------ RECORDS FOR THE TASK ------

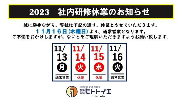 「社内研修休業のお知らせ」 ![]() 日頃より株式会社ヒトトイエをご愛顧頂き誠に有難うございます。 誠に勝手ながら 11月14日(火)11月15日(水)の2日間を休業日とさせて頂きます。 お客様・お取引先様には大変ご迷惑をお掛け致しますが、何卒、ご理解の程お願い申し上げます。 11月16日(木曜日)より元気に営業致します。宜しくお願い致します。 緊急の方はLINEでお問合せもしくは下記のメールにてご連絡ください。 連絡はLINEでも受け付けております!! ☆LINE登録方法 ①『LINEで返信』のアイコンをクリック ②『認証コード』をコピーして『友だち追加』をクリック ③メッセージで➁でコピーした『認証コード』を送信してください!! 何卒宜しくお願いいたします。 |
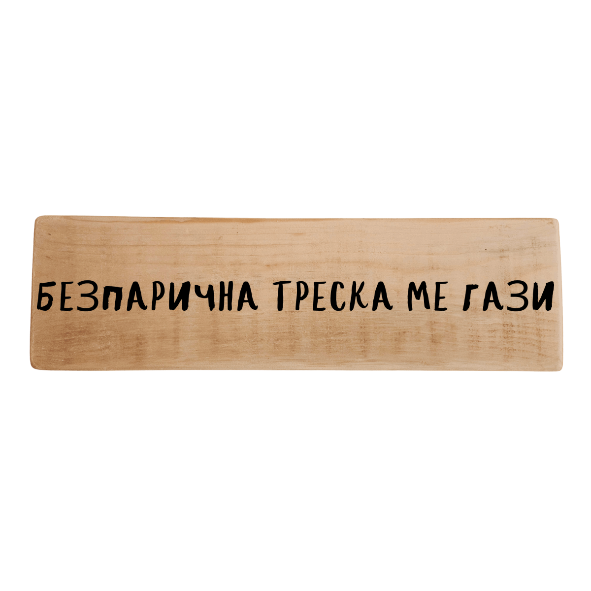 Тази ръчно изработена табела с надпис „Безпарична треска ме гази“ е перфектен подарък за приятел или колега, който все е „на финалната права“ до заплатата. Стои супер като декор и винаги става тема за разговор, защото всички сме били в това положение.
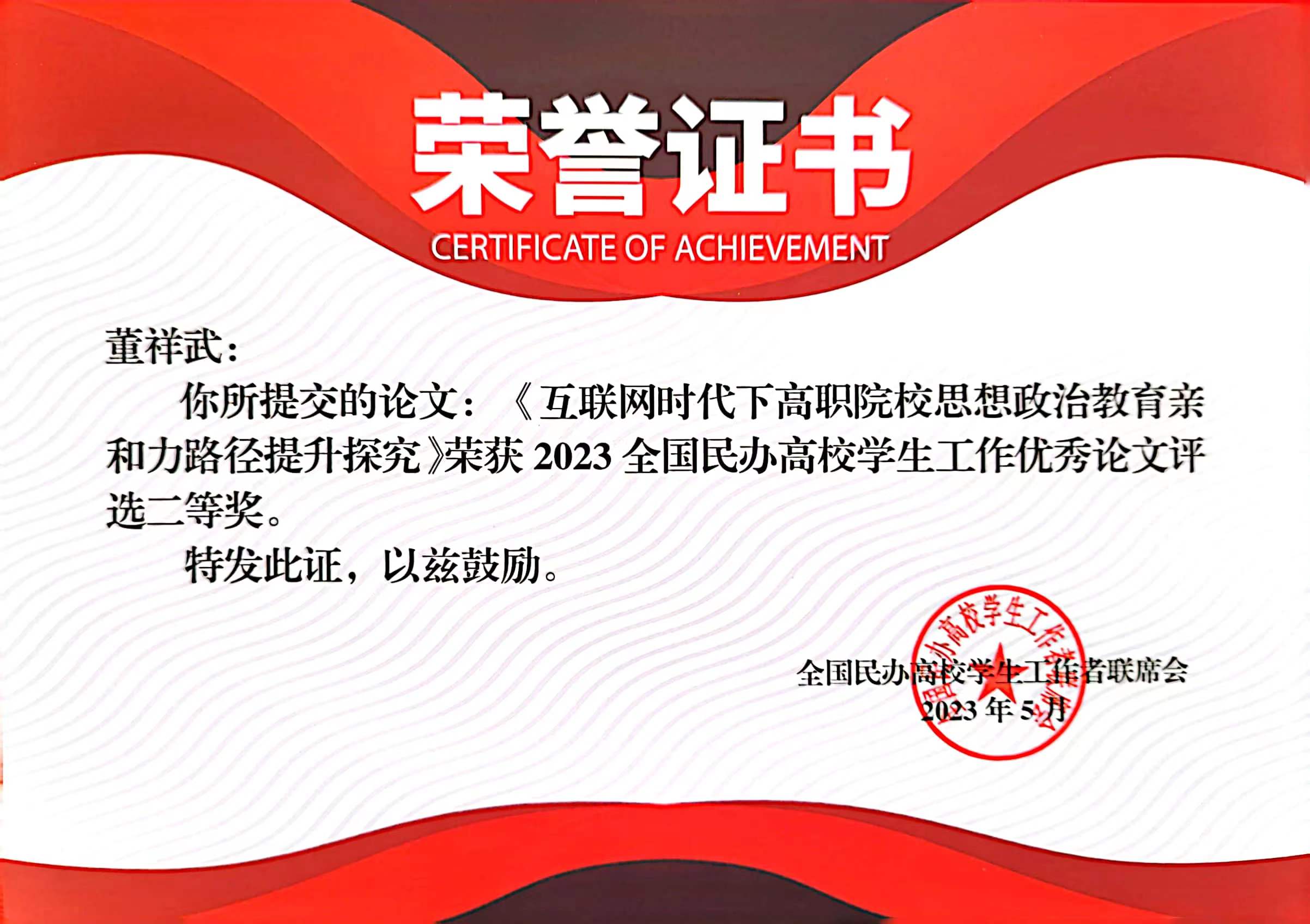 在本屆研討會中,我校學(xué)工團(tuán)隊研究成果豐碩,獲得多項榮譽,其中藝術(shù)與傳媒學(xué)院學(xué)管負(fù)責(zé)人劉嘉怡老師主持的案例《黨建鑄魂,文化賦能構(gòu)建藝術(shù)專業(yè)學(xué)生管理育人新模式》榮獲2023全國民辦高校學(xué)生工作創(chuàng)新獎二等獎。董祥武老師的創(chuàng)新論文《互聯(lián)網(wǎng)時代下高職院校思想政治教育親和力路徑提升探究》榮獲2023全國民辦高校學(xué)生工作優(yōu)秀論文評選二等獎。黨委學(xué)生工作部部長宋海泉老師主持的《民辦高校公寓(社區(qū))管理改革》案例、曹廣福老師主持的《基于網(wǎng)絡(luò)化治理的高校宿舍管理模式構(gòu)建》案例分別榮獲2022全國民辦高校學(xué)生工作組織改革三等獎和二等獎。
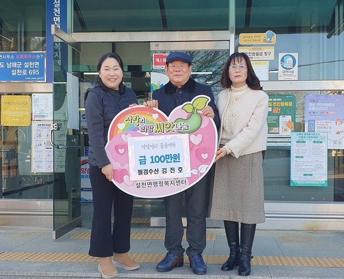 필경수산(대표 김진호)은 지난 2일 설천면 행정복지센터(면장 이채현)를 찾아 관내 도움의 손길이 필요한 이웃들을 위해 사용해 달라며 성금 100만원을 기탁했다.
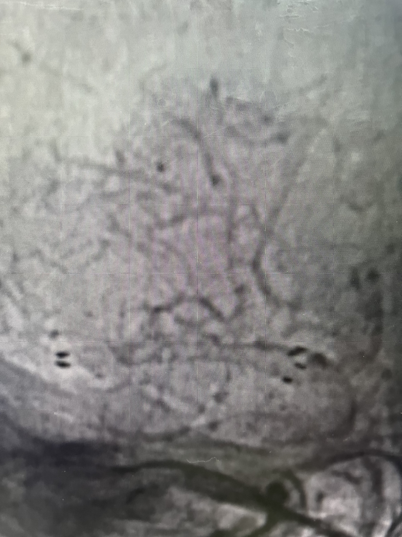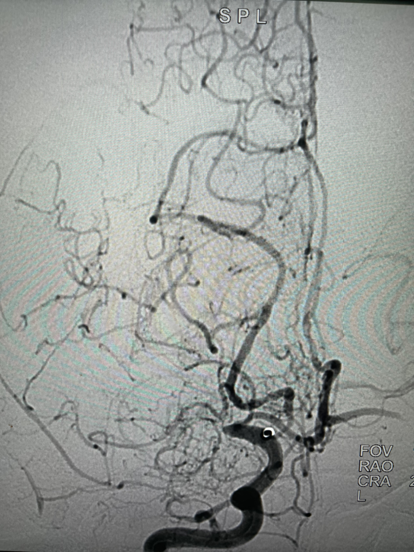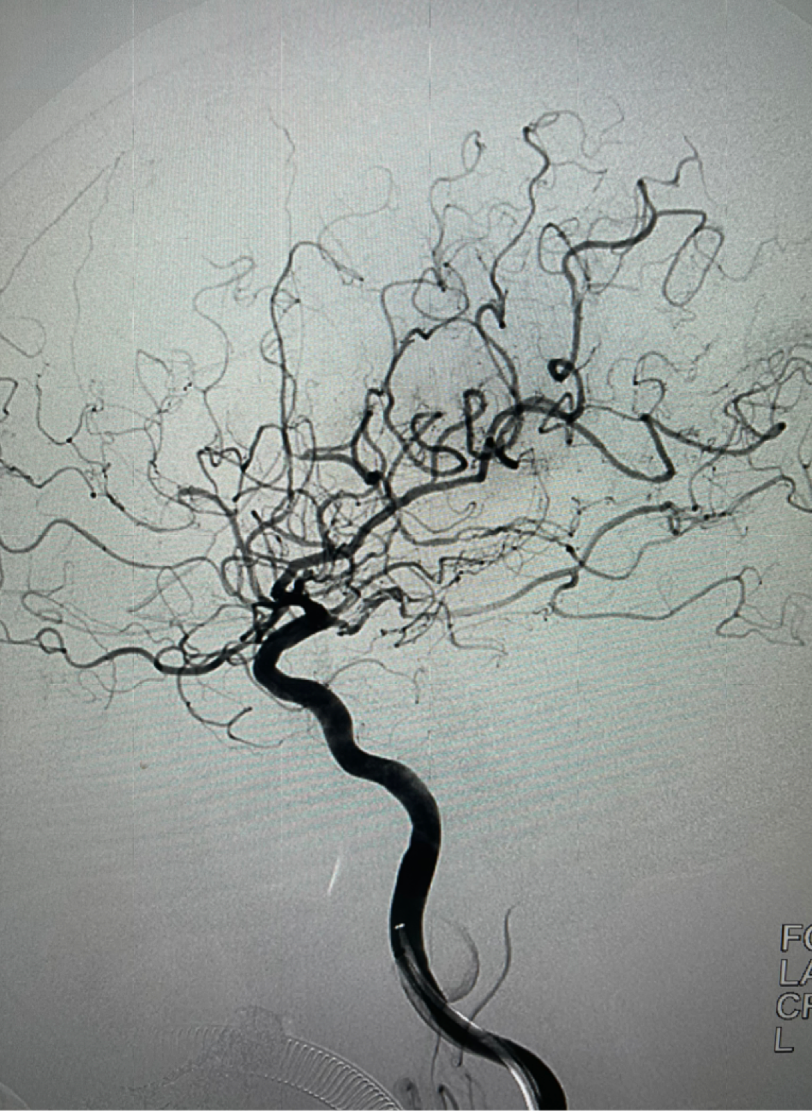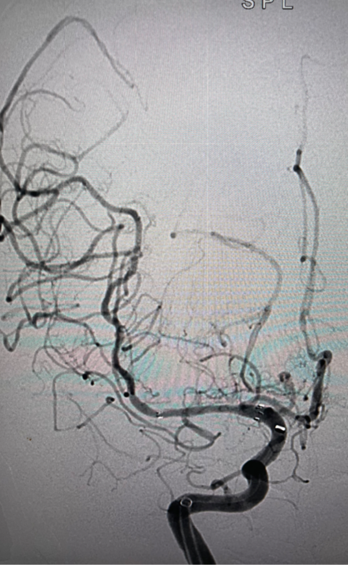 右侧颈内动脉造影提示大脑中动脉起始以远闭塞

------

TASK OBJECTIVE: Leaving images out, please output every line of the data exactly.

ANSWER SPACE:
 「社内研修休業のお知らせ」 ![]() 日頃より株式会社ヒトトイエをご愛顧頂き誠に有難うございます。 誠に勝手ながら 11月14日(火)11月15日(水)の2日間を休業日とさせて頂きます。 お客様・お取引先様には大変ご迷惑をお掛け致しますが、何卒、ご理解の程お願い申し上げます。 11月16日(木曜日)より元気に営業致します。宜しくお願い致します。 緊急の方はLINEでお問合せもしくは下記のメールにてご連絡ください。 連絡はLINEでも受け付けております!! ☆LINE登録方法 ①『LINEで返信』のアイコンをクリック ②『認証コード』をコピーして『友だち追加』をクリック ③メッセージで➁でコピーした『認証コード』を送信してください!! 何卒宜しくお願いいたします。 |
 Тази ръчно изработена табела с надпис „Безпарична треска ме гази“ е перфектен подарък за приятел или колега, който все е „на финалната права“ до заплатата. Стои супер като декор и винаги става тема за разговор, защото всички сме били в това положение.
 在本屆研討會中,我校學(xué)工團(tuán)隊研究成果豐碩,獲得多項榮譽,其中藝術(shù)與傳媒學(xué)院學(xué)管負(fù)責(zé)人劉嘉怡老師主持的案例《黨建鑄魂,文化賦能構(gòu)建藝術(shù)專業(yè)學(xué)生管理育人新模式》榮獲2023全國民辦高校學(xué)生工作創(chuàng)新獎二等獎。董祥武老師的創(chuàng)新論文《互聯(lián)網(wǎng)時代下高職院校思想政治教育親和力路徑提升探究》榮獲2023全國民辦高校學(xué)生工作優(yōu)秀論文評選二等獎。黨委學(xué)生工作部部長宋海泉老師主持的《民辦高校公寓(社區(qū))管理改革》案例、曹廣福老師主持的《基于網(wǎng)絡(luò)化治理的高校宿舍管理模式構(gòu)建》案例分別榮獲2022全國民辦高校學(xué)生工作組織改革三等獎和二等獎。
 필경수산(대표 김진호)은 지난 2일 설천면 행정복지센터(면장 이채현)를 찾아 관내 도움의 손길이 필요한 이웃들을 위해 사용해 달라며 성금 100만원을 기탁했다.
 右侧颈内动脉造影提示大脑中动脉起始以远闭塞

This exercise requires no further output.